Samuel Mutegi Njeru in black shirt of Grate Lakes Breeders Ltd (GLBL) training pawpaws farmers in Migori County on farm management. Photo courtesy.

A missionary who ventured into pawpaw farming in Migori County, Kenya is looking forward for a brighter future after ignoring the normal maize and beans that many farmers in the area are growing and which have faced marketing challenges in the country.

Current intake price of maize, for example, by the National Cereals and Produce Board (NCPB) stands at Sh3,200 a 90-kilo bag while just 50 kilos of pawpaw fruits can fetch up to Sh7,500 in Nairobi.

Peter Owino is one such farmer who while peers are struggling with the cereals’ prices has venture into the fruit production for a better and long term income after learning the art of farming pawpaw from Grate Lakes Breeders Ltd (GLBL), a company which sensitize, recruit and coordinate the pawpaw production process as well as harvesting in Western Kenya.

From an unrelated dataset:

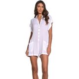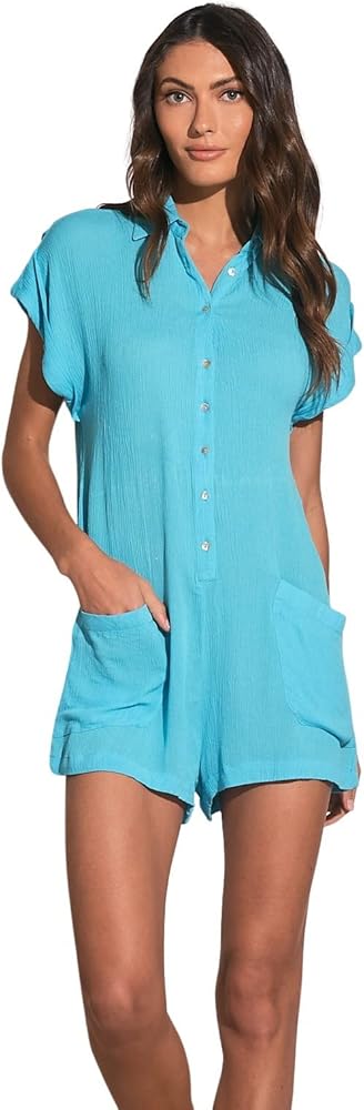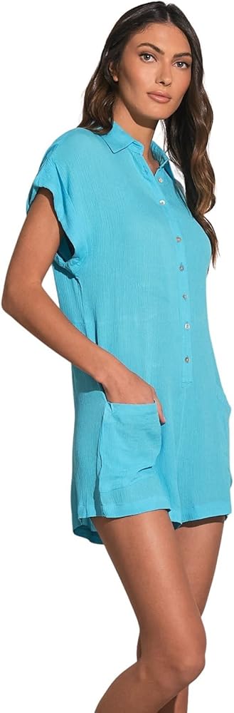 ELAN Women's Short-Sleeve Collared Button-Down Romper

“Apart from getting the knowledge from GLBL experts, I also lived in Kericho County for about 10 years. During the time I could see farmers and traders from Kisii and Molo come with different farm produce to sell. Most of them were short term crops with good returns and that is how I developed the interest in fruits and vegetables,” said the 2015 theology graduate from Christian Life International Bible College.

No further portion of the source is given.